I want to first start off with what an incredible honor and privilege it is to step foot on the gardens at Mirai. I’m tremendously grateful that our class has the opportunity to benefit by learning from Ryan’s experiences not only in Japan under Mr. Kimura, but as he’s evolved to form his own style and solidify his methods.
Some may say that Mirai doesn’t follow rules, breaks the Japanese mold, is rogue, (insert whatever comment or criticism here)… but I think the most important thing to consider is that Mirai begins everything with the same question… “What are we trying to accomplish?” This always determines the current approach to the tree in terms of horticulture and design with the intent of always producing the very best and healthiest tree. The tree can transcend a mold if you let yourself go there. I think this is where Mirai is going and what has attracted me to want to be a part of it.
This was the 2nd of 3 intensive weekends over 2018 at Mirai centered around Junipers and this class began much like the first one did, discussions and lecture around the foundations of horticulture. The premise always being that the tree should have and maintain ultimate health to become their very best bonsai. Without this, your wiring techniques, bending techniques, grand design ideas, etc. all become irrelevant. You can’t continue to evolve the design of a dead or sick tree. Health and horticulture are always first and this effectively will help to dictate the design.

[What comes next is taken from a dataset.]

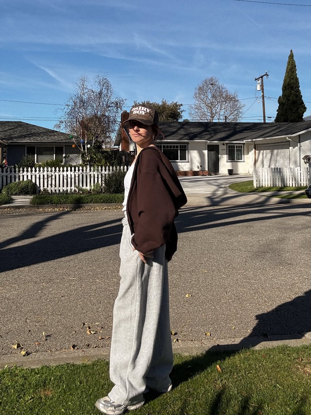 A brown hoodie, slouchy grey sweatpants, and a worn-in baseball cap under golden sunlight. It feels like a slow morning walk through a quiet neighborhood.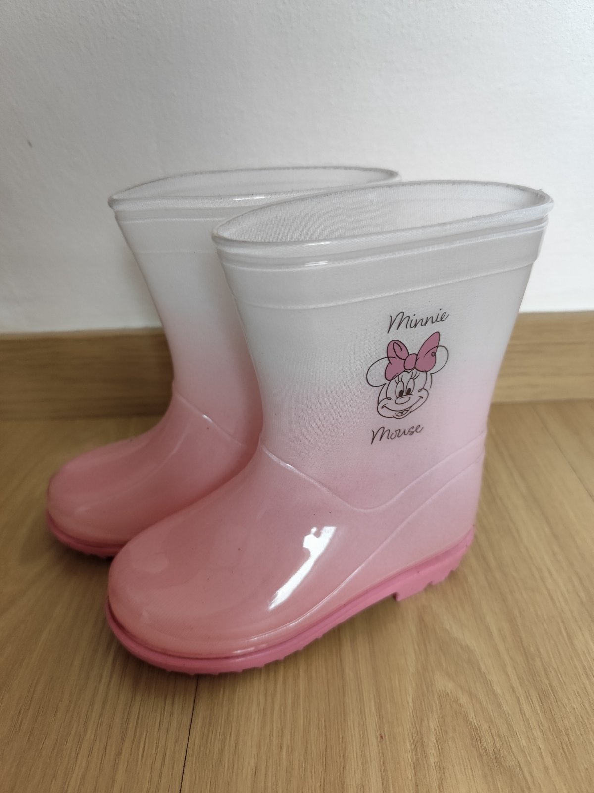 Dvakrát obuté gumáky s motívom Minnie mouse, dcéra ich rýchlo vyrástla, top stav, veľkosť 22/23, kupované v pepcu, rozmery:

After we reviewed the essentials and foundations, we moved to structural wiring techniques. Ryan demonstrated on several Hollywood juniper branches that were secured to our turn tables and then let us practice. We each did 3 branches and he reviewed and provided feedback each time on how to fix mistakes we made.
After learning the wiring techniques, we moved to raffia. He addressed the intricacies in number of strands relative to branch size, how to apply raffia with minimal to no knots showing, the physics of bending, and where and how the compressive forces act on a branch. Feedback was given after each attempt and the class definitely improved each time.
We then discussed different Native Juniper species and their respective traits, what gives each one value, what their deadwood is like, how the deadwood is created by the natural environment, and most importantly, how each one of them smells differently. This part was absolutely fascinating as they are all distinctly different. The most interesting thing is comparing the native species to the domesticated varieties where the smell is uniform and lacks any real nuance.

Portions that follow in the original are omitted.